Jump to this conclusion: It sounds obvious but if you buy a shirt from 1986 in the high seven figures is not to turn it into a rug for cleaning windows—it's for the historical weight it carries, the nostalgic value, its rarity and its overall appeal.
This takes us back to Maradona's shirt.
Things were effervescent between the two countries during that 1986 match, as only 4 years prior Argentina went full "Settlers of Catan" on the Falkland Islands, and it only took the brits 74 days to bomb the shit out of the Argentinian army and claim the islands back. So there it was Diego Maradona, carrying an entire country's bruised ego, scoring two of the most iconic goals in the history of the sport and setting up a World Cup win, all the while wearing that shirt.

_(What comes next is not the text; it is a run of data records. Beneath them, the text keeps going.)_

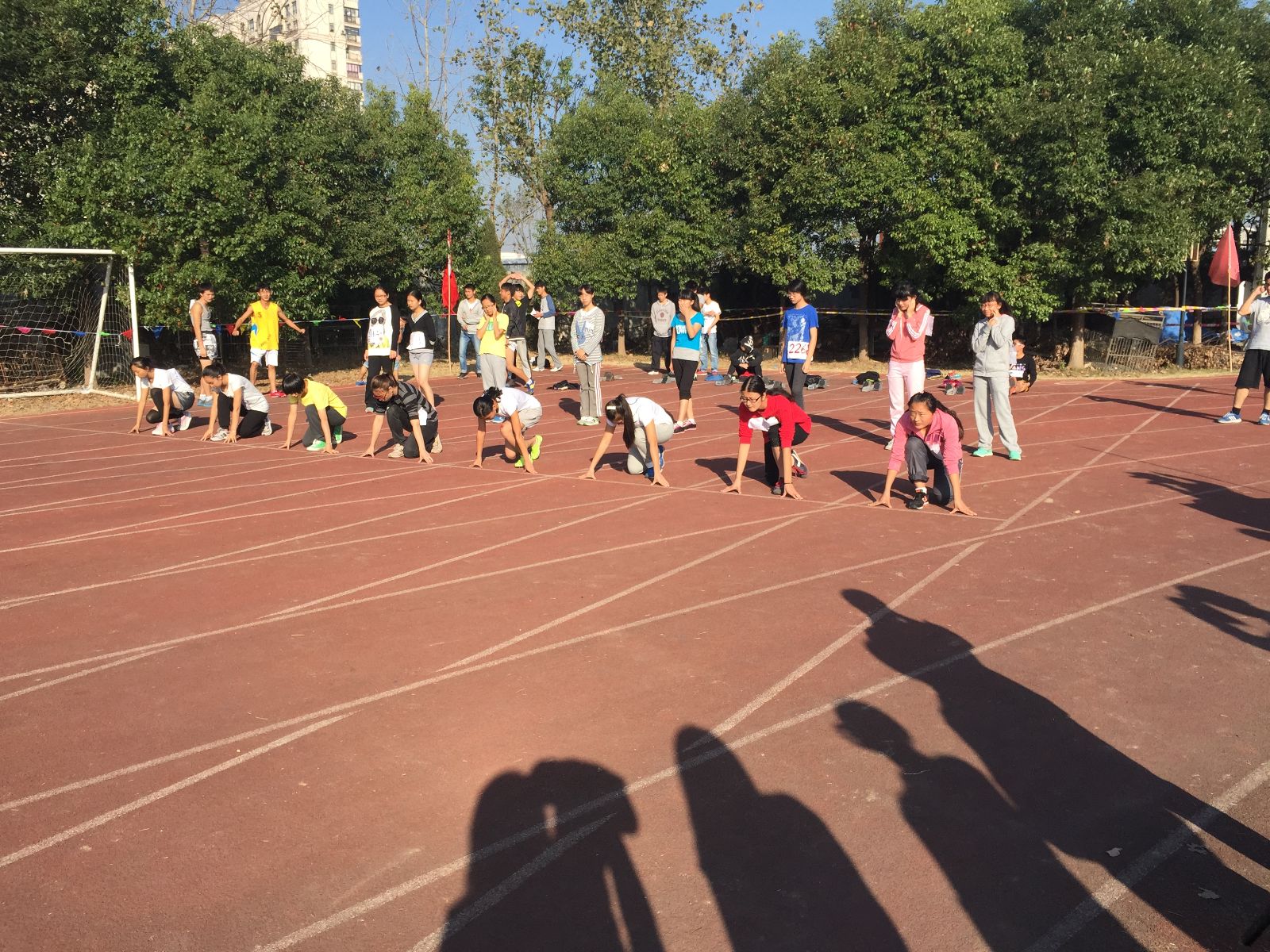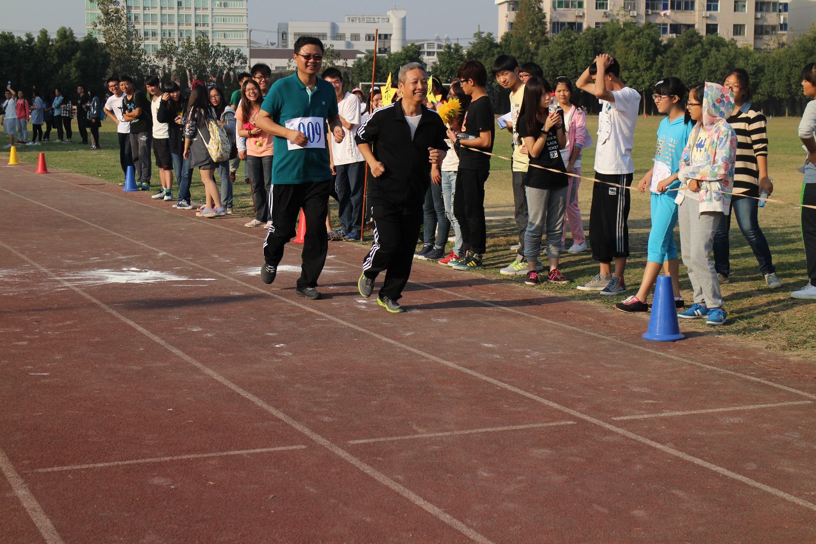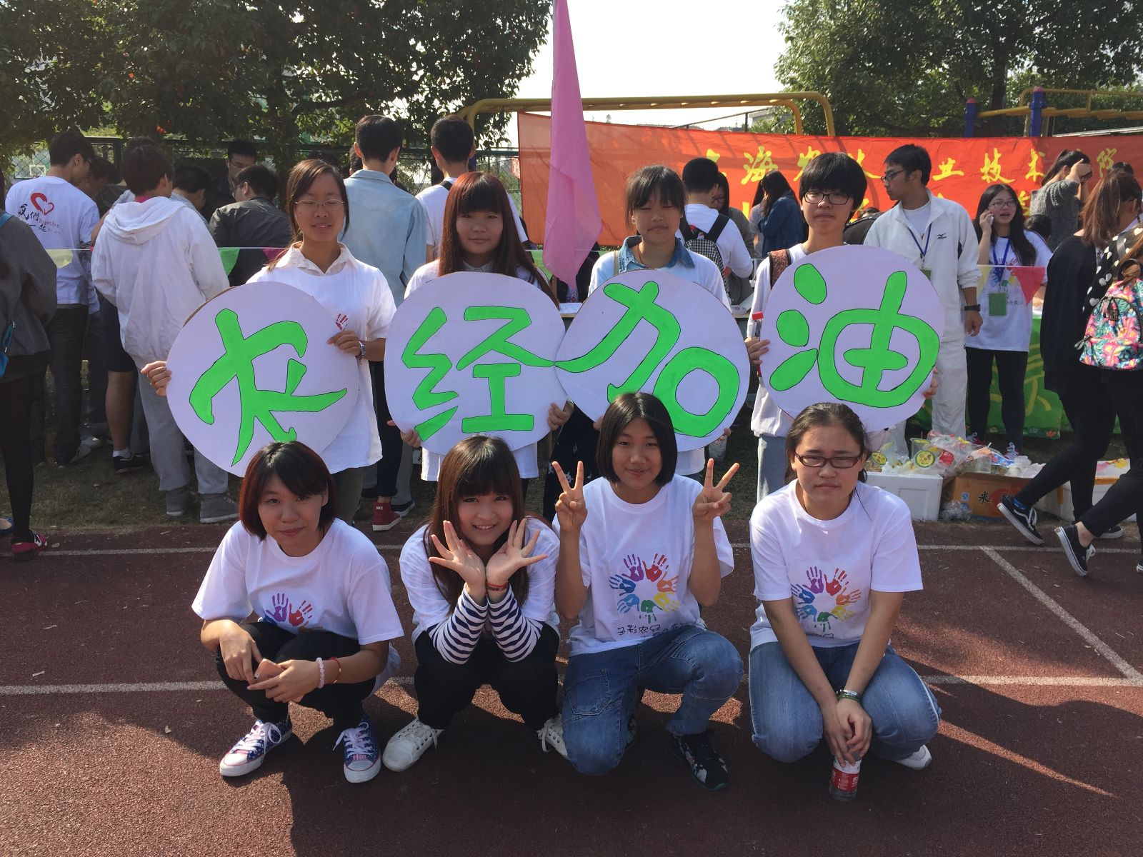 在运动会上,运动员们在操场上挥洒了汗水,奋力拼搏,为那一份荣耀而努力;系部的啦啦队在操场上身穿新定制的志愿者服装,用手中的加油牌,为运动员们加油助威;在操场的一角——系部大本营内,工作人员们为运动员们提供着优良的后勤服务,为运动员们增添能量。
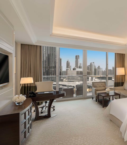 عيشوا أجواء الفخامة مع إطلالات مذهلة على برج خليفة والمناطق المحيطة الأنيقة، بالإضافة إلى الديكورات الراقية للغرف ووسائل راحة عالمية المستوى.
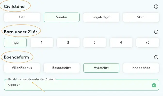 Här fyller du i civilstånd, alltså om du är sambo eller singel exempelvis. Dessutom fyller du i hur många barn du har samt dina boendekostnader.
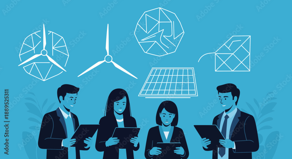 Team of professionals collaborating on sustainable energy solutions for the future. #1889525311
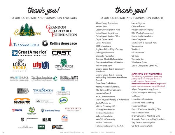 Alliant Energy Foundation Bankers Trust Cedar Grove Signature Fund Cedar Rapids Bank & Trust Cedar Rapids Tourism Office City of Cedar Rapids Collins Aerospace CRST International DogGuard Out of Sight Fencing Gehring Orthodontics Giacoletto Foundation Grandon Charitable Foundation GreatAmerica Financial Services First Interstate Bank Greater Cedar Rapids Community Foundation Greater Cedar Rapids Housing and Building Association Remodelers Council GreenState Credit Union Hearing Access Solutions LLC Hills Bank and Trust Company Iowa Arts Council ImOn Communications Kepros Physical Therapy & Performance King ' s Material Inc LeBlanc Consulting , LLC . Lil ' Drug Store Products The Linge Foundation McIntyre Foundation Meth-Wick Community Modern Companies National Endowment for the Arts
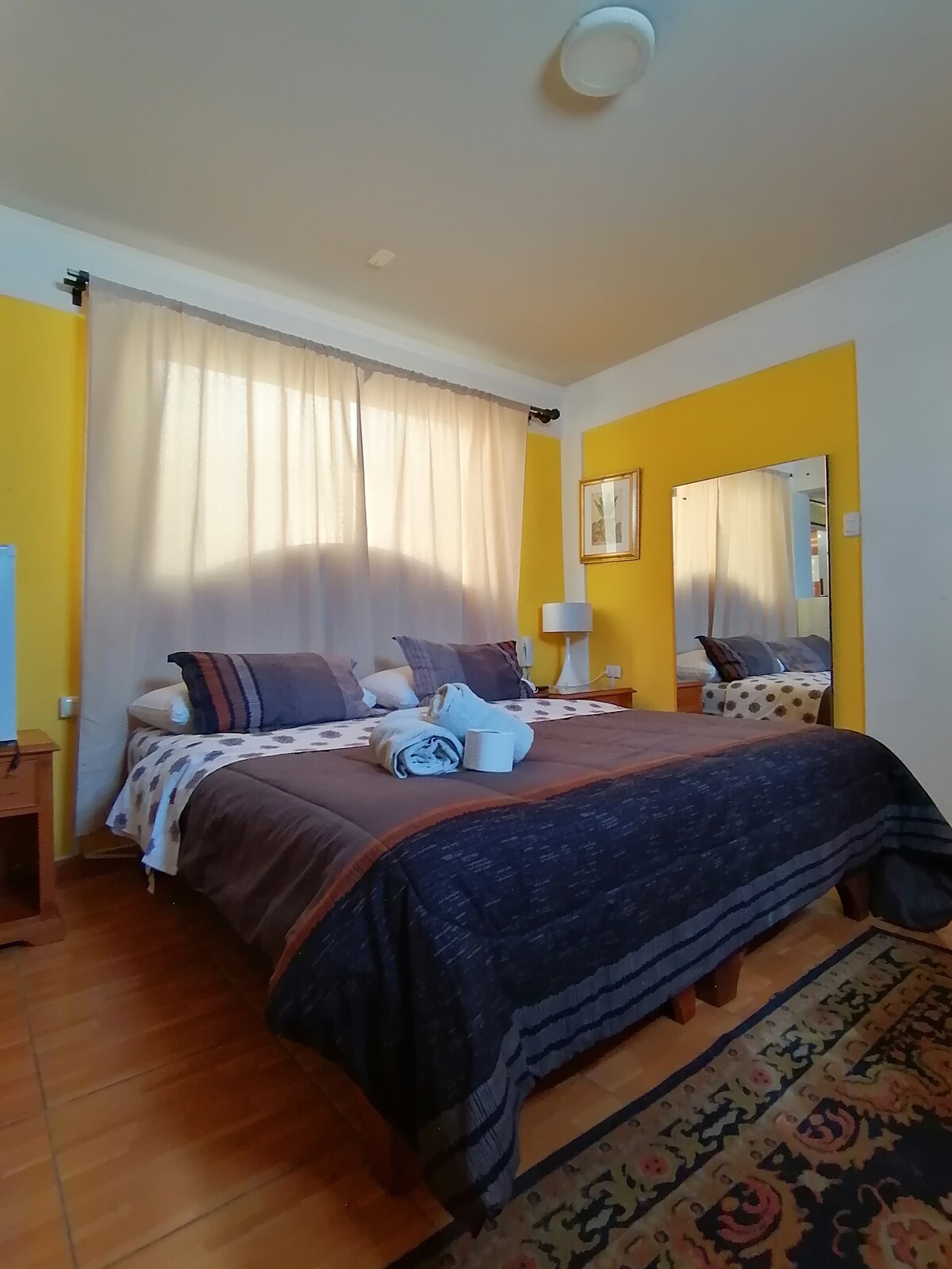 Habitación doble queen, con baño compartido H/M y 3 duchas. El hotel se encuentra a 600 metros de estación de metro Baquedano y Bellas Artes, desde donde se puede acceder a cualquier lugar de Santiago. Cercano a lugares turísticos como cerro San Cristobal, Casa Pablo Neruda, teatros, zona bohemia (Barrio Bellavista). El acceso al hotel y seguridad es controlado por camaras de forma remota. Contará con llaves para ingresar en cualquier momento al hotel por lo que no estará restringido el horario.

Steve Hodge might not be remembered as the best football player but he sure as hell pulled off a Warren Buffet-level investing move when he asked Maradona to swap shirts with him.
So, technically...
The super-rich are spending millions of dollars thrift shopping. Their pockets burn with cash and their brains lust for some instant gratification and given that everyone’s stuck in their basements getting high on nostalgia instead of hanging out at cocktail parties, the sports memorabilia market has seen a dramatic uptick in revenue—but don't be fooled by FOMO my fellow plebeians; this is not bitcoin in 2011, just some lavish hobby to keep the wealthy entertained.